--- PROBLEM TO SOLVE ---
Retype, exactly and with nothing added, the lines from the one showing "O Feiyu SCORP-C2" through the final line of the material. Omit pictures.

--- DATA EXCERPT ---
[Start of section]

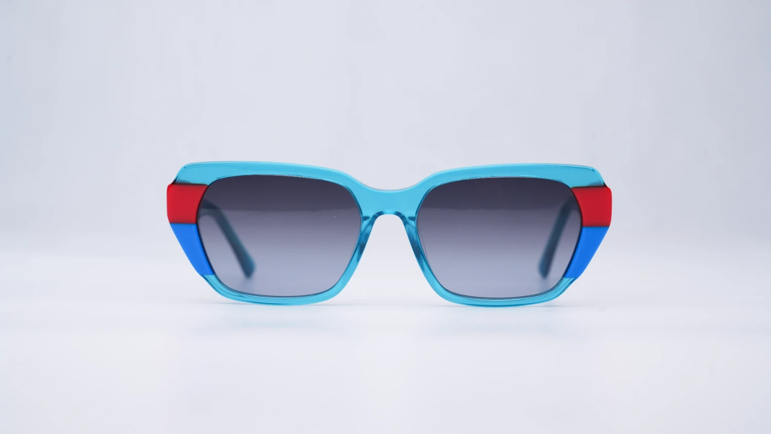 Oprawa okularowa reprezentująca wielokolorową kolekcję opraw okularowych i okularów przeciwsłonecznych marki Ghosteye Eyewear Radosława Wiktorowicza. Wielobarwność, przepiękna paleta barw i wyjątkowe kobiece formy to cechy rozpoznawcze marki. Prezentowany model to propozycja dla odważnych kobiet szukających efektownej, multikolorowej i radosnej stylizacji. Połączenie lekko transparentnego turkusu oraz intensywnego niebieskiego i czerwonego koloru wygląda niepowtarzalnie i świetnie prezentuje się na żywo. Oprawa będzie dobrze komponować się z różnymi kształtami twarzy. Produkt wykonany jest z wysokiej jakości acetatu i wyprodukowany w wąskiej, limitowanej ilości. Do okularów dołączone etui i ściereczka z mikrofibry.
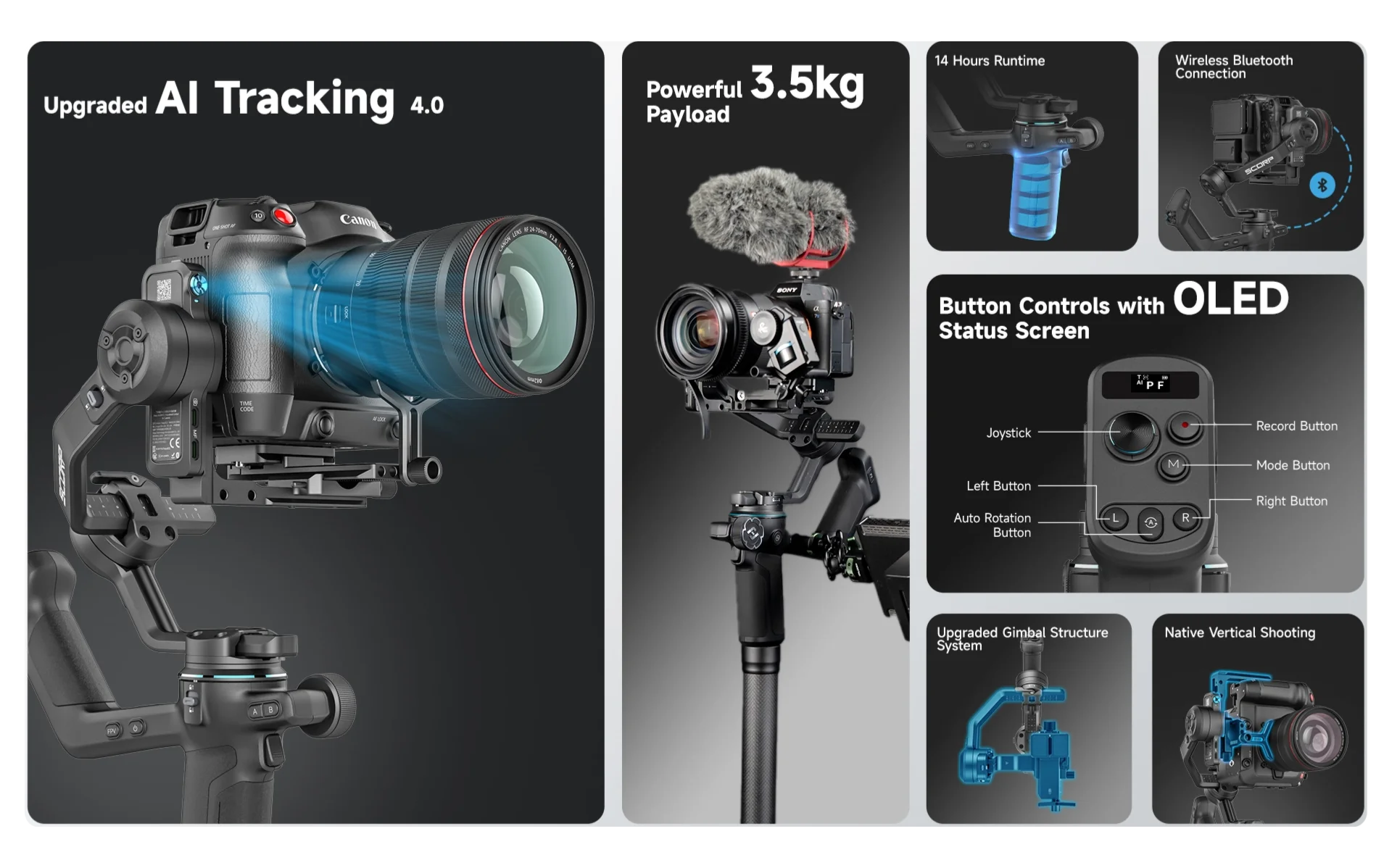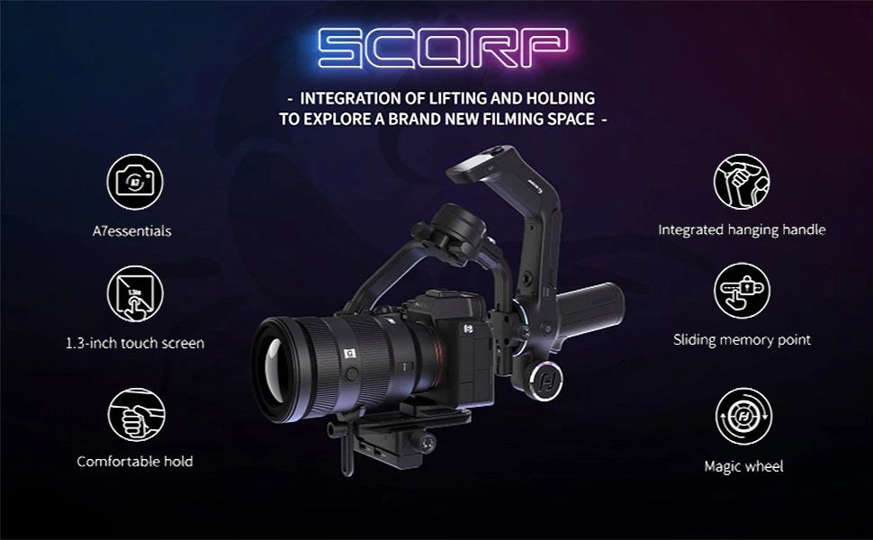 O Feiyu SCORP-C2 é um estabilizador gimbal profissional de 3 eixos desenvolvido para câmeras DSLR Sony e Canon. Com tecnologia de ponta da FeiyuTech, oferece estabilização precisa e suave para vídeos e fotografia em movimento. Ideal para cineastas, produtores de conteúdo e fotógrafos que buscam qualidade cinematográfica. Seu design robusto e controles intuitivos garantem captura de imagens nítidas em qualquer situação, desde produções profissionais até projetos criativos.
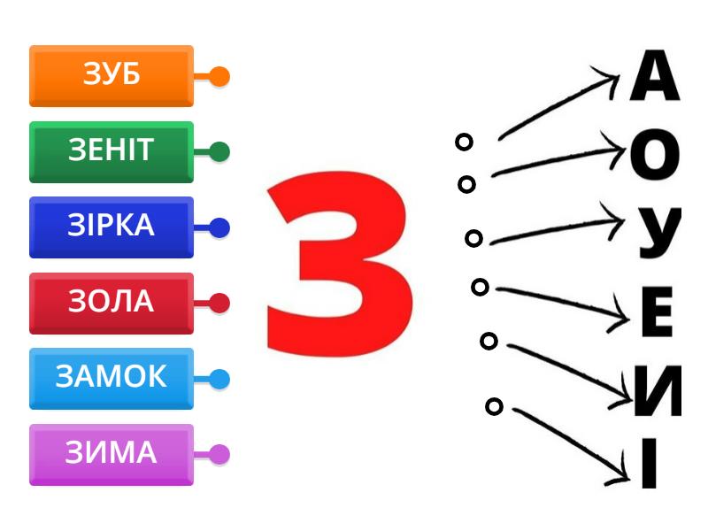 ЗАМОК, ЗОЛА, ЗУБ, ЗЕНІТ, ЗИМА, ЗІРКА.

[End of section]

--- WRITTEN ANSWER ---
 O Feiyu SCORP-C2 é um estabilizador gimbal profissional de 3 eixos desenvolvido para câmeras DSLR Sony e Canon. Com tecnologia de ponta da FeiyuTech, oferece estabilização precisa e suave para vídeos e fotografia em movimento. Ideal para cineastas, produtores de conteúdo e fotógrafos que buscam qualidade cinematográfica. Seu design robusto e controles intuitivos garantem captura de imagens nítidas em qualquer situação, desde produções profissionais até projetos criativos.
 ЗАМОК, ЗОЛА, ЗУБ, ЗЕНІТ, ЗИМА, ЗІРКА.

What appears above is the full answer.